!! spellx done
31  Our Neighbor Mars
    The Washington Post, Sunday, February 12, 1967

     Life on Mars, as a poetic and philosophical counterpoise to human
life here, has long been a speculative inference of scientific
thinking about the solar system.  So long as the earth was the center
of the universe, its uniqueness as an abode of life was axiomatic.
When we learned it was merely the third planet orbiting round a rather
ordinary star, the Sun, we had to accept analogies to Earth -- either
other planets in our own solar system, or more remotely, the systems
of other stars.

     If we scale the Sun-to-Earth distance as an inch, the whole solar
system is an easy yard; but on this scale the next stars are a mile
away.

     The solar planets, then, are within reach of our existing space
vehicles.  For the other stars, we are limited to watching or
listening until we have another thousand-fold extension of our
exploration technology, which is the kind of leap the chemical rocket
was over the jet plane, and that in turn over shanks' mare.

     In its orbit around the Sun, Earth's most promising neighbor is
Mars.  The main problem mitigating against even primitive life on Mars
is the lack of water.  Mere traces of moisture have been detected in
the atmosphere; the white polar caps are probably carbon dioxide
snow, not water.

     Together with the interpretations of Mariner IV photographs
concerning the antiquity of unweathered craters, analyses have
appeared to leave little room for a Martian life system that, like
any reasonable extrapolation of Earthly life, needed water as an
essential medium.

     Certainly, this is a sobering corrective to some of the 
pre-scientific enthusiasms about Martians, like the claims for canals
that have been long discredited.

     However, after Mariner IV made its report, many editorials
commented about "Mars -- the Dead Planet" with an assurance as
totally unjustified by current fact as was some previous exuberance
that there just had to be life there.

     Concrete facts about Mars are few, and our job now is to test
alternative hypotheses.  One problem in making a "model" of a planet
is that most of the information we can hope to get at such a distance
is global, whereas life tends to be local detail.  Thus, a typical
point on Earth would be ocean.  Arguing from this global description
(if not from other data), a Martian observer might deny the existence
of life here.

     Mariner IV was our first chance to look at surface detail on
Mars. The statistics of craters was its most important message, but
there are many fine features whose interpretation is a matter of
imagination until we get a closer look.

     The most important global fact about Mars is its steady subsurface
temperature which is about 40 degrees Centigrade below freezing.  This
is so low that almost all of any moisture that may be on Mars must
be trapped as a permafrost below the surface.  Except at the winter
pole it would be baked out of the surface during the day and
eventually diffuse to the deeper cold trap.

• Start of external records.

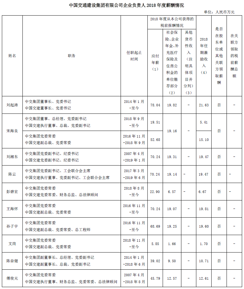 按照深化國(guó)有企業(yè)負(fù)責(zé)人薪酬制度改革有關(guān)要求和國(guó)資委相關(guān)規(guī)定,現(xiàn)將中國(guó)交通建設(shè)集團(tuán)有限公司企業(yè)負(fù)責(zé)人2018年度薪酬情況披露如下:
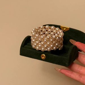 欧美新款复古仿珍珠闪钻宽版手镯小众轻奢高级感手饰手链时尚配饰
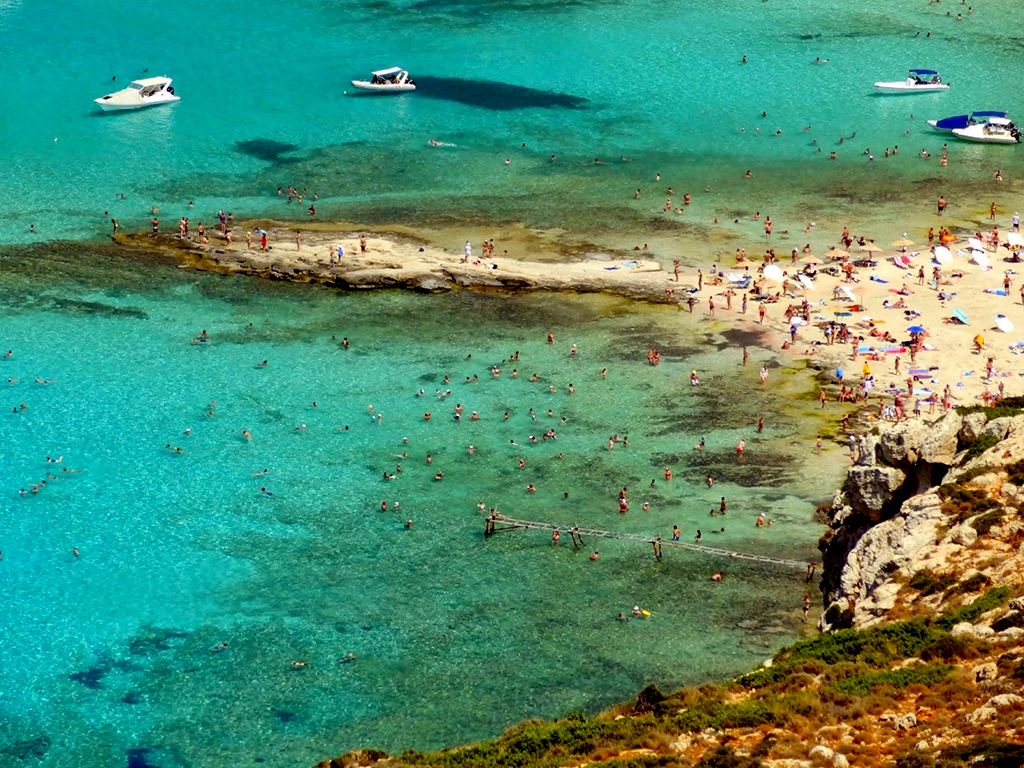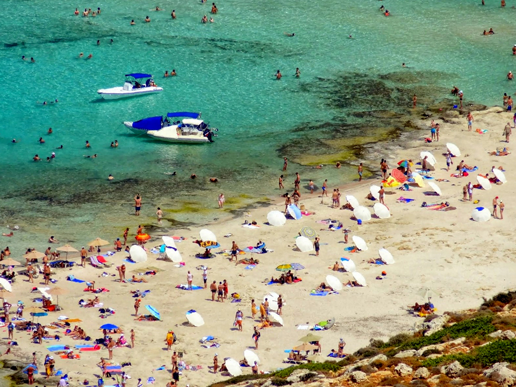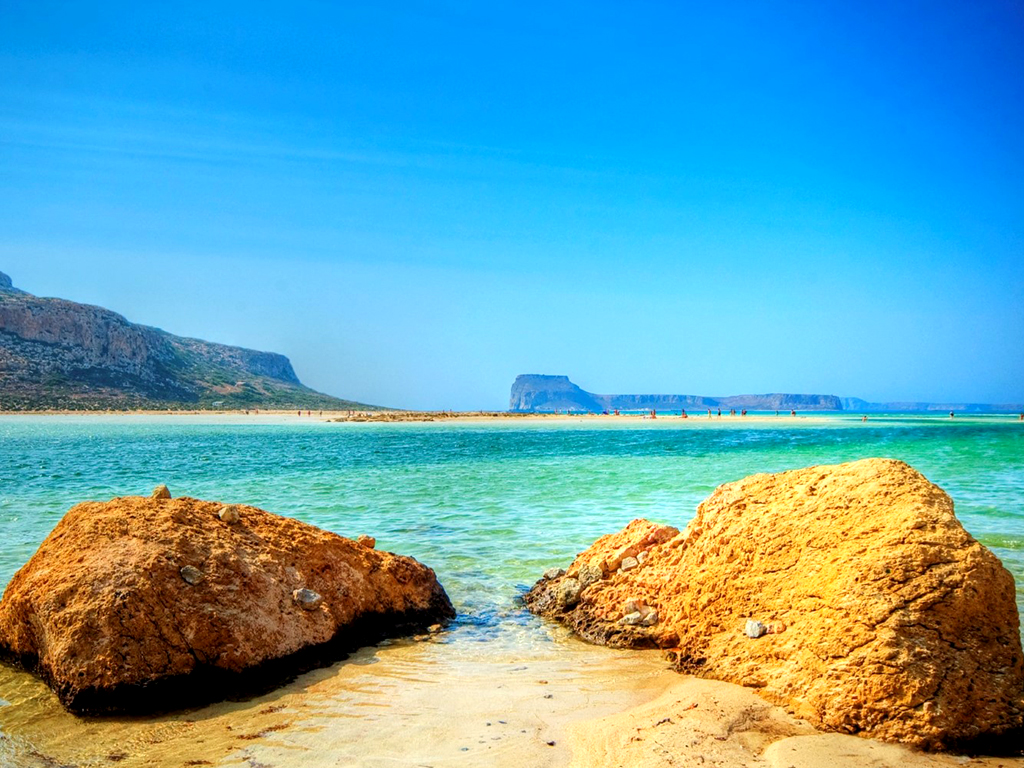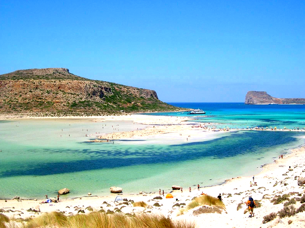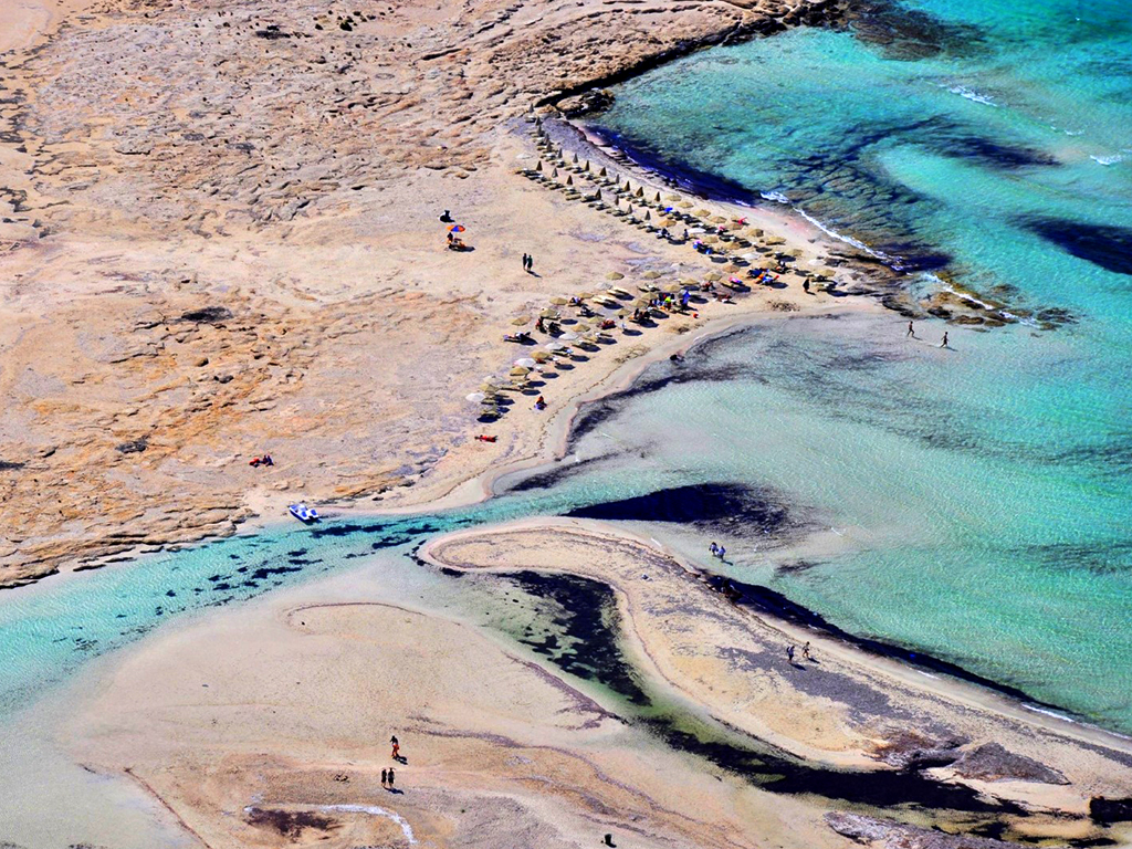 The lagoon of Balos has white sand and exotic white, vivid blue and turquoise waters. The sea is very shallow and warm, ideal for young children. In many places the sand has a lovely pinkish color, because of millions of crushed shells. Beyond the rocks at the boundaries of the lagoon, the water is deeper and colder, ideal for a snorkeling. The lagoon and the wider area, with rare species of flora and fauna, are protected under the Natura 2000 program. Eleonora falcons, shags and cormorants nest in the caves of the area. Moreover, the area is a shelter for the protected monk seal and the sea turtle caretta caretta. Despite the protection, a primitive café and umbrellas have appeared on the beach in recent years. You can buy water from there and from the bars of the ferries.
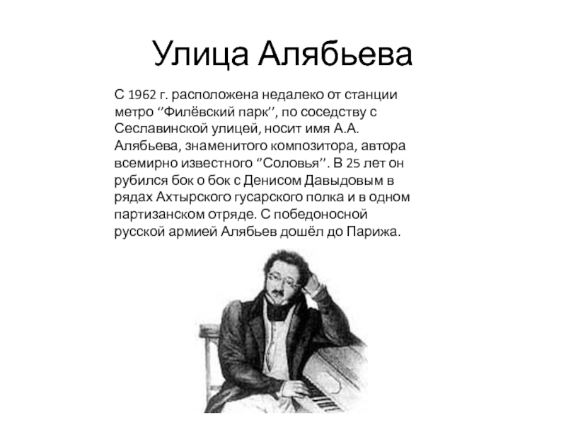 по соседству с Сеславинской улицей, носит имя А.А.Алябьева, знаменитого композитора, автора всемирно известного ‘’Соловья’’. В 25 лет он рубился бок о бок с Денисом Давыдовым в рядах Ахтырского гусарского полка и в одном партизанском отряде. С победоносной русской армией Алябьев дошёл до Парижа.
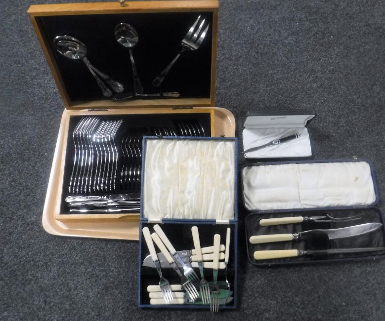 A tray containing oak canteen of stainless steel cutlery, cased servers, cased letter opener etc
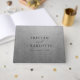 Elegant classic typography on a silver background. Cherish the comments and sentiments from friends and family, preserved in your beautifully crafted wedding guest book. Simple elegance.
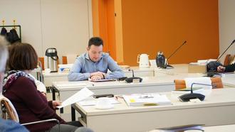 Bürgermeister Joshua Pawlak begrüßt die Vertreter*innen der Kommunen aus dem Landkreis Saarlouis im großen Sitzungssaal im Rathaus.
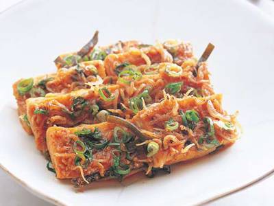 辛さの中にうまみが詰まった韓国風の煮物です。豆腐に焼き色をつけ、だしになるものを入れ、ヤンニョムと水を加えて煮るだけ。
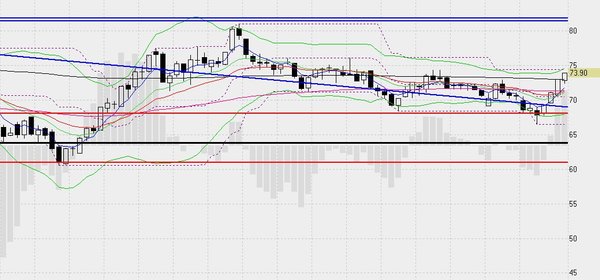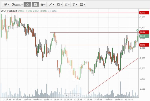 Бумаги Э.ОНРосси торгуются в восходящем тренде в последние два месяца. Мы рекомендуем открывать позиции в соответствии с данным трендом при пробитии локального сопротивления на уровне 3,054 руб. за акцию. Целью данного движения будет уровень 3,245 руб. за акцию. Стоп-лосс мы рекомендуем выставлять на уровне 2,93 руб. за акцию.
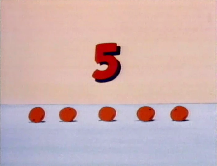 Cartoon | Maria (in voice-over) counts five oranges, which are then eaten by a snake. |
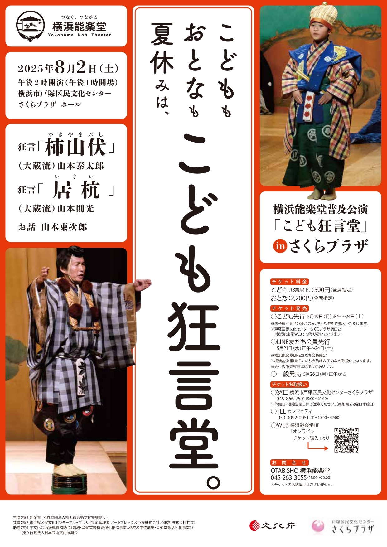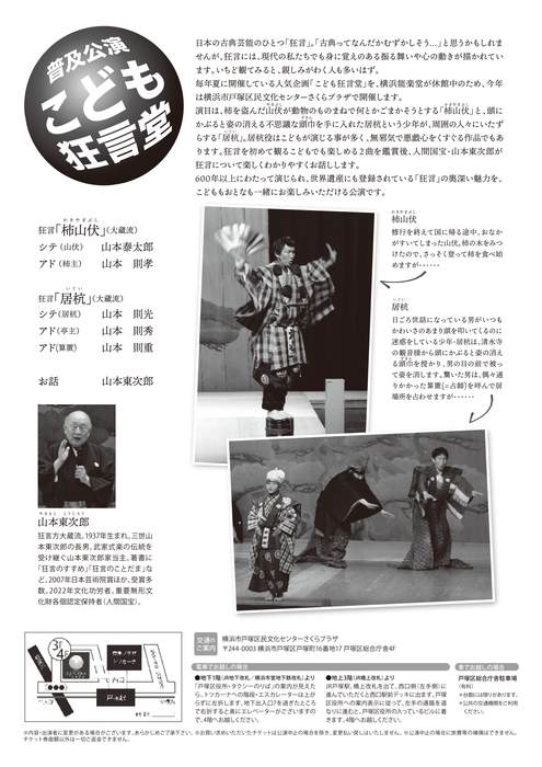 毎年夏に開催している人気企画「こども狂言堂」を、横浜能楽堂が休館中のため、今年は横浜市戸塚区民文化センターさくらプラザで開催します。

     Knowing this temperature, as we have for some years, we could
deduce that little moisture would be perceivable in the atmosphere,
and that we could not expect to find oceans on the surface.  The
temperature shows that we have no hope of telling the size of Mars's
reservoir of permafrost water from general observations of the surface
or the atmosphere.  There might be mere traces; there might be seams
of permafrost or ice-laden rock miles thick.

     Does this help us very much in modeling any kind of Martian
biology?  Only if there are local exceptions to this frigid
perspective -- oases in the tundra.  To support this speculation, we 
have to invoke local heat sources like volcanoes and earthquakes.
There are some arguments against such events being as frequent as on
Earth, but they are hardly ruled out altogether, although the theory
is quite tenuous -- based mainly on the absence of a magnetic field.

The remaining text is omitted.